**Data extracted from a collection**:
-----

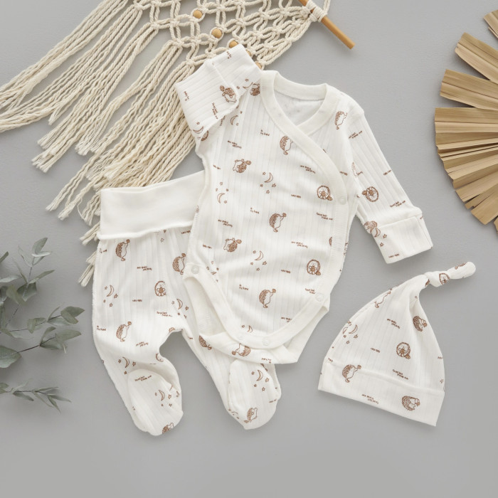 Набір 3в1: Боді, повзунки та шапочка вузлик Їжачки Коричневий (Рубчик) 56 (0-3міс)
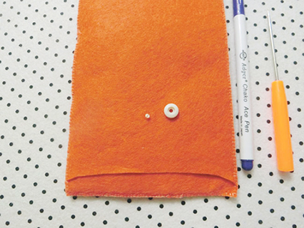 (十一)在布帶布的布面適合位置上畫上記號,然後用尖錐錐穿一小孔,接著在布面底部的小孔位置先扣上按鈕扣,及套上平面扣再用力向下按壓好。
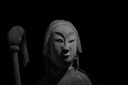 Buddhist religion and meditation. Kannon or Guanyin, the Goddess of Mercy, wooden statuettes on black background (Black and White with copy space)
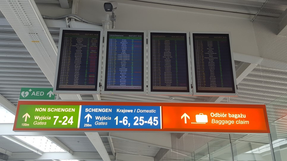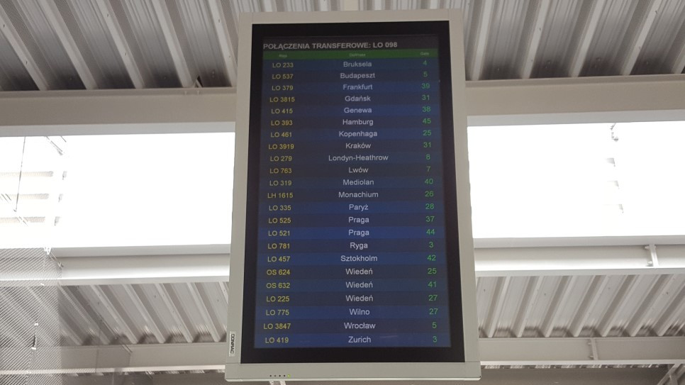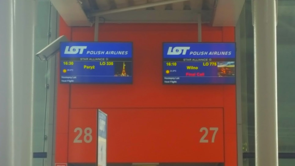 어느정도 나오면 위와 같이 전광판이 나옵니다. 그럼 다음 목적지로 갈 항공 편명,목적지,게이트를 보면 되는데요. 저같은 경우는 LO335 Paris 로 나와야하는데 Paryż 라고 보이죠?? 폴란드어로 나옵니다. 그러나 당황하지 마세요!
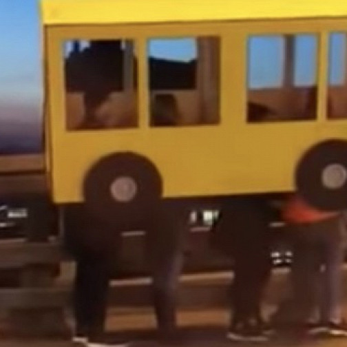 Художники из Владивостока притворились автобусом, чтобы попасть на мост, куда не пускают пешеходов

-----

**EXERCISE OBJECTIVE**:
A faithful, word-for-word copy of the data is needed; the pictures should not appear in it.

**TASK ANSWER**:
 Набір 3в1: Боді, повзунки та шапочка вузлик Їжачки Коричневий (Рубчик) 56 (0-3міс)
 (十一)在布帶布的布面適合位置上畫上記號,然後用尖錐錐穿一小孔,接著在布面底部的小孔位置先扣上按鈕扣,及套上平面扣再用力向下按壓好。
 Buddhist religion and meditation. Kannon or Guanyin, the Goddess of Mercy, wooden statuettes on black background (Black and White with copy space)
 어느정도 나오면 위와 같이 전광판이 나옵니다. 그럼 다음 목적지로 갈 항공 편명,목적지,게이트를 보면 되는데요. 저같은 경우는 LO335 Paris 로 나와야하는데 Paryż 라고 보이죠?? 폴란드어로 나옵니다. 그러나 당황하지 마세요!
 Художники из Владивостока притворились автобусом, чтобы попасть на мост, куда не пускают пешеходов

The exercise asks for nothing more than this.